To begin, we need to define the structure of a Raft instance, for originality, I stick to figure 2 in the original paper in terms of naming convention. Note that this is subject to change in subsequent implementation: currently we are only focusing on the Leader Election. We also need to define some structs for the RPC request and reply.

//
// A Go object implementing a single Raft peer.
//
type Raft struct {
	mu        sync.Mutex          // Lock to protect shared access to this peer's state
	peers     []*labrpc.ClientEnd // RPC end points of all peers
	persister *Persister          // Object to hold this peer's persisted state
	me        int                 // this peer's index into peers[]
	dead      int32               // set by Kill()
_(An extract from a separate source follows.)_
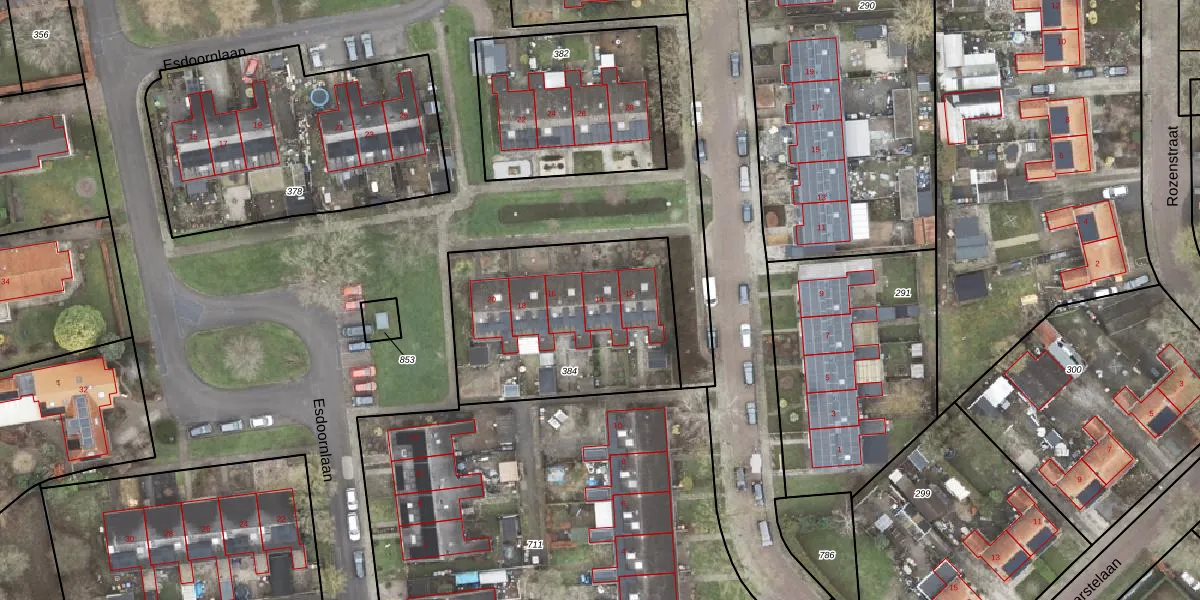 Essenlaan 14 is gelegen op kadastraal perceel SDA00K384. Deze kadastrale aanduiding is uniek en wordt gebruikt door het Kadaster om eigendomsrechten en andere zakelijke rechten vast te leggen. Het perceel maakt onderdeel uit van de kadastrale gemeente Scheemda.

	// Your data here (2A, 2B, 2C).
	// Look at the paper's Figure 2 for a description of what
	// state a Raft server must maintain.

	applyCh        chan ApplyMsg
	applyCond      *sync.Cond
	replicatorCond []*sync.Cond
	state          NodeState

	currentTerm int
	votedFor    int
	logs        []Entry

	commitIndex int
	lastApplied int
	nextIndex   []int
	matchIndex  []int

	electionTimer  *time.Timer
	heartbeatTimer *time.Timer
}

type RequestVoteArgs struct {
	// Your data here (2A, 2B).
	Term         int
	CandidateId  int
	LastLogIndex int
	LastLogTerm  int
}

//
// example RequestVote RPC reply structure.
// field names must start with capital letters!
//
type RequestVoteReply struct {
	// Your data here (2A).
	Term        int
	VoteGranted bool
}

type Entry struct {
	Term    int
	Command interface{}
}

type AppendEntriesArgs struct {
	Term         int
	LeaderId     int
	PrevLogIndex int
	PrevLogTerm  int
	Entries      []Entry
	LeaderCommit int
}

type AppendEntriesReply struct {
	Term    int
	Success bool
}

Some constants related to heartbeat and leader timeout are as follows, you can change it according to the specific requirement of your distributed system.

const (
	Follower NodeState = iota
	Candidate
	Leader
)

const (
	MinElectionTimeout = 1300 * time.Millisecond
	MaxElectionTimeout = 2000 * time.Millisecond
)

const HeartbeatInterval = 100 * time.Millisecond

Then we write the initialization code for the Raft instance. The main idea is simple: initialize the varaibles defined in the Raft Struct.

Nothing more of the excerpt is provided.